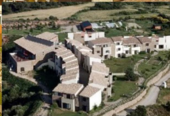
Vilar Rural Cardona
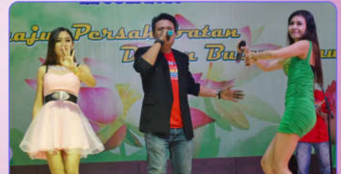
Artis Orkes Melayu New Padmaradja Yogyakarta
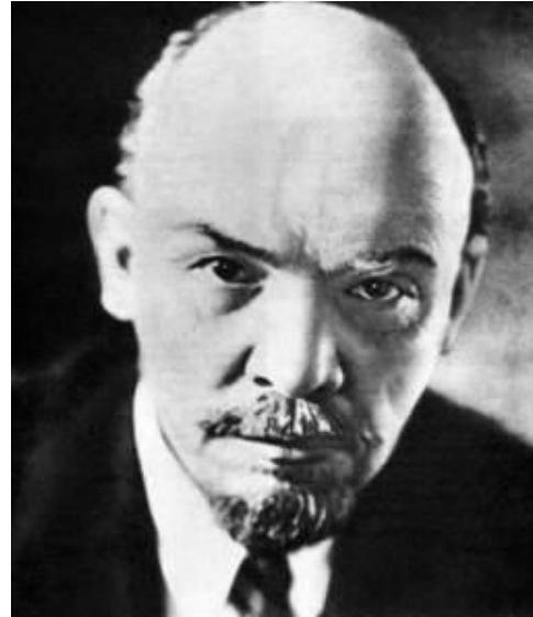
Владимир Ильич Ленин (Ульянов), председатель
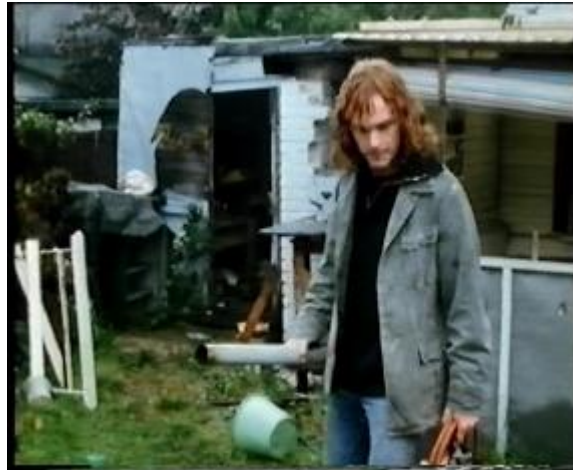
Abb. 31: Halbnah

Diese Einstellung finden wir in der Szene, als Edgar Material für seine Spritze sucht.
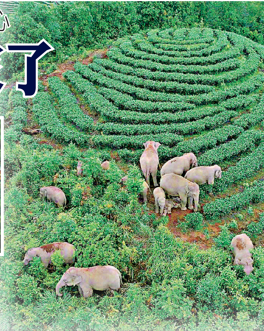
▲截至8月6日19時，象群持續在雲南省玉溪市元江縣小干壩村正北方向670米處的林地內活動。

8月8日20時許，北移亞洲象群經人工引導，通過老213國道元江橋（距元江縣城7公里）跨越元江幹流，抵達元江南岸。北移亞洲象群安全防範工作省級指揮部指揮長，雲南省林業和草原局黨組書記、局長萬勇表示，15頭亞洲象全部安全返，象群總體情況平穩，沿途未造成人、象傷亡，雲南北移亞洲象群安全防範和應急處置工作取得決定性進展。這次亞洲象群遷移，也成為了一次科學之旅、探索之旅、保護之旅。
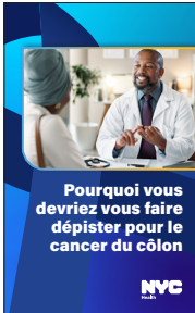
« Why You Should Get Screened for Colon Cancer » (Pourquoi vous devriez vous faire dépister pour le cancer du côlon) – Brochure

Demandez à votre prestataire de soins de santé s'il dispose de ces ressources utiles ou téléchargez-les à nyc.gov/health/coloncancer .
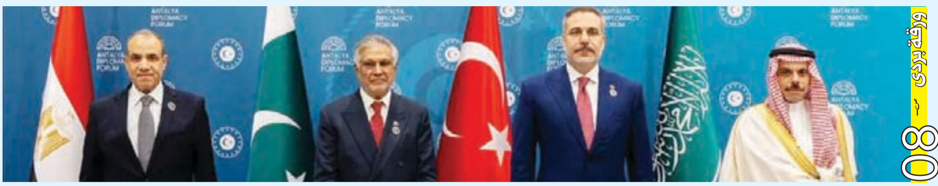
بشائره بدت بمناورة مصرية في اسلام آباد و جنود باكستانيين في الرياض
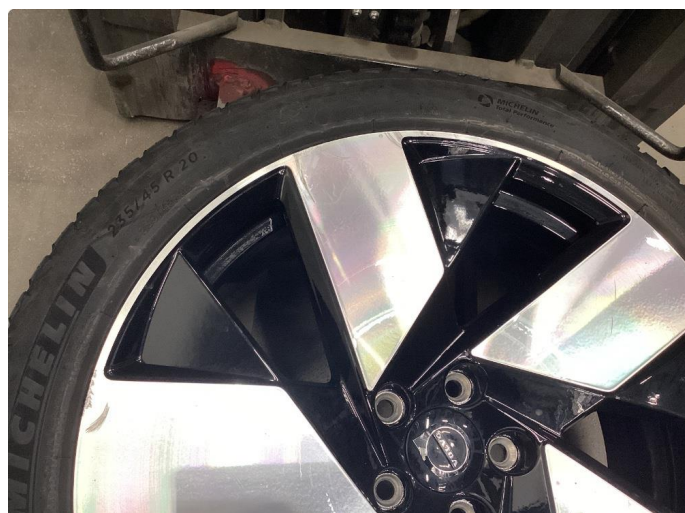
1.1 Merker på felger
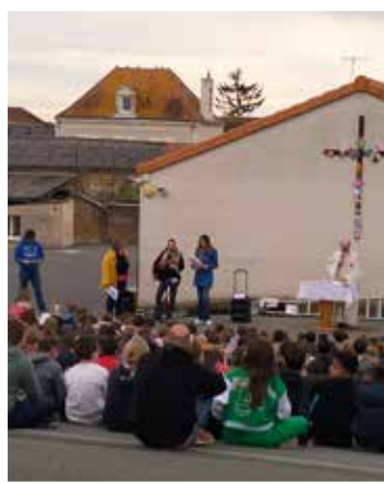
Une célébration vécue en avril.

Oui, je vais aux messes importantes comme Pâques et Noël.
* * * * *
> PROBLEM TO WORK ON
Copy, without the pictures, exactly the lines from the line with "بشائره بدت بمناورة" through the end of the material above, both ends included.

> EXERCISE SOLUTION
بشائره بدت بمناورة مصرية في اسلام آباد و جنود باكستانيين في الرياض
1.1 Merker på felger
Une célébration vécue en avril.

Oui, je vais aux messes importantes comme Pâques et Noël.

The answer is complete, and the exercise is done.